Question #e3f75

2 Answers

The limit is #10x^4-15x^2#

Explanation:

Let's look at the numerator we have that

#2(x+h)^5-2x^5=2*[(x+h)^5-x^5]=2*[h^5+5 h^4 x+10 h^3 x^2+10 h^2 x^3+5 h x^4]=2*h*[h^4+5h^3x+10h^2x^2+10hx^3+5x^4]#

and

#5x^3-5(x+h)^3=5*[x^3-(x+h)^3]=5*[-h^3-3 h^2 x-3 h x^2 ]=5*h*[-h^2-3hx-3x^2]#

Hence the limit becomes

#lim_(h->0) [2*h*[h^4+5h^3x+10h^2x^2+10hx^3+5x^4]+5*h*[-h^2-3hx-3x^2]]/[h]= lim_(h->0) 2*[h^4+5h^3x+10h^2x^2+10hx^3+5x^4]+5*[-h^2-3hx-3x^2]= 10*x^4-15x^2#

Jul 7, 2016

#10x^4 - 15x^2#

Explanation:

So it looks like you're using the limit definition of the derivative to find #d/(dx) (2x^5 - 5x^3)#. We know this will be #10x^4 - 15x^2# so it's a nice sense check when we use limits.
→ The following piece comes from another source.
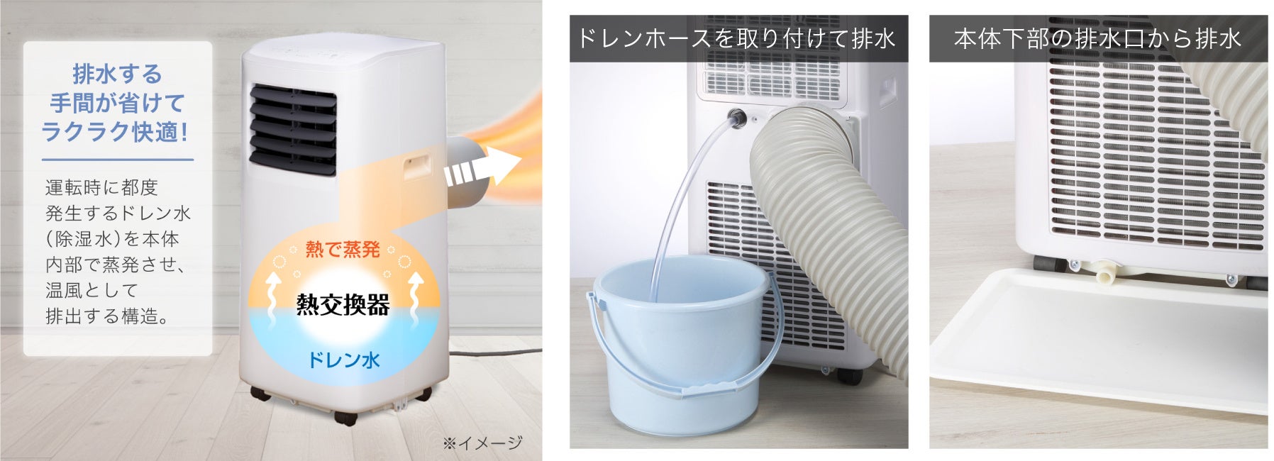 スポットエアコンの運転中にはドレン水(除湿水)が発生しますが、本製品ではノンドレン方式を採用しており、ドレン水を蒸発させて温風として排出することができます。そのため、ドレン水の排出頻度を減らし、排水の手間を軽減できます。ドレン水はドレンホースまたは下部排水口を使用して排水することができます。

We're going to need to expand the brackets, in this case we'll use the binomial theorem.

#(x+y)^n = sum_(k=0)^n ((n),(k)) x^(n-k)y^k#

where #((n),(k)) = (n!)/(k!(n-k)!)#

#(x+h)^5 = sum_(k=0)^5 ((5),(k)) x^(5-k)y^k#

#= ((5),(0))x^5h^0 + ((5),(1))x^4h^1 + ((5),(2)) x^3h^2 + ((5),(3))x^2h^3 + ((5),(4))x^1h^4 + ((5),(5))x^0h^5#

# = x^5 + 5x^4h + 10x^3h^2 + 10x^2h^3 + 5xh^4 + h^5#

Similarly;

#(x+h)^3 = ((3),(0))x^3h^0 + ((3),(1))x^2h + ((3),(2))xh^2 + ((3),(3))x^0h^3#

#(x+h)^3 = x^3 + 3x^2h + 3xh^2 + h^3#

Collating all this into the initial function we get:

#lim_(h->0) 1/h*(2[x^5 + 5x^4h + 10x^3h^2 + 10x^2h^3 + 5xh^4 + h^5] - 5[x^3 + 3x^2h + 3xh^2 + h^3] -2x^5 + 5x^3)#

Some terms cancel out

#lim_(h->0) 1/h*(color(red)(2x^5)+10x^4h+20x^3h^2+20x^2h^3+10xh^4+2h^5 color(blue)(- 5x^3) -15x^2h - 15xh^2 - 5h^3color(red)( - 2x^5) + color(blue)(5x^3))#

Now multiplying through by #1/h#

#lim_(h->0) (10x^4+20x^3h+20x^2h^2+10xh^3+2h^4 -15x^2 - 15xh)#

As #h->0# any term with h in it will go to zero and would you look at that! It's only gone and left us with

#10x^4 - 15x^2#

Pleasingly, this is what we expected so we can be fairly confident there hasn't been any errors in the calculation.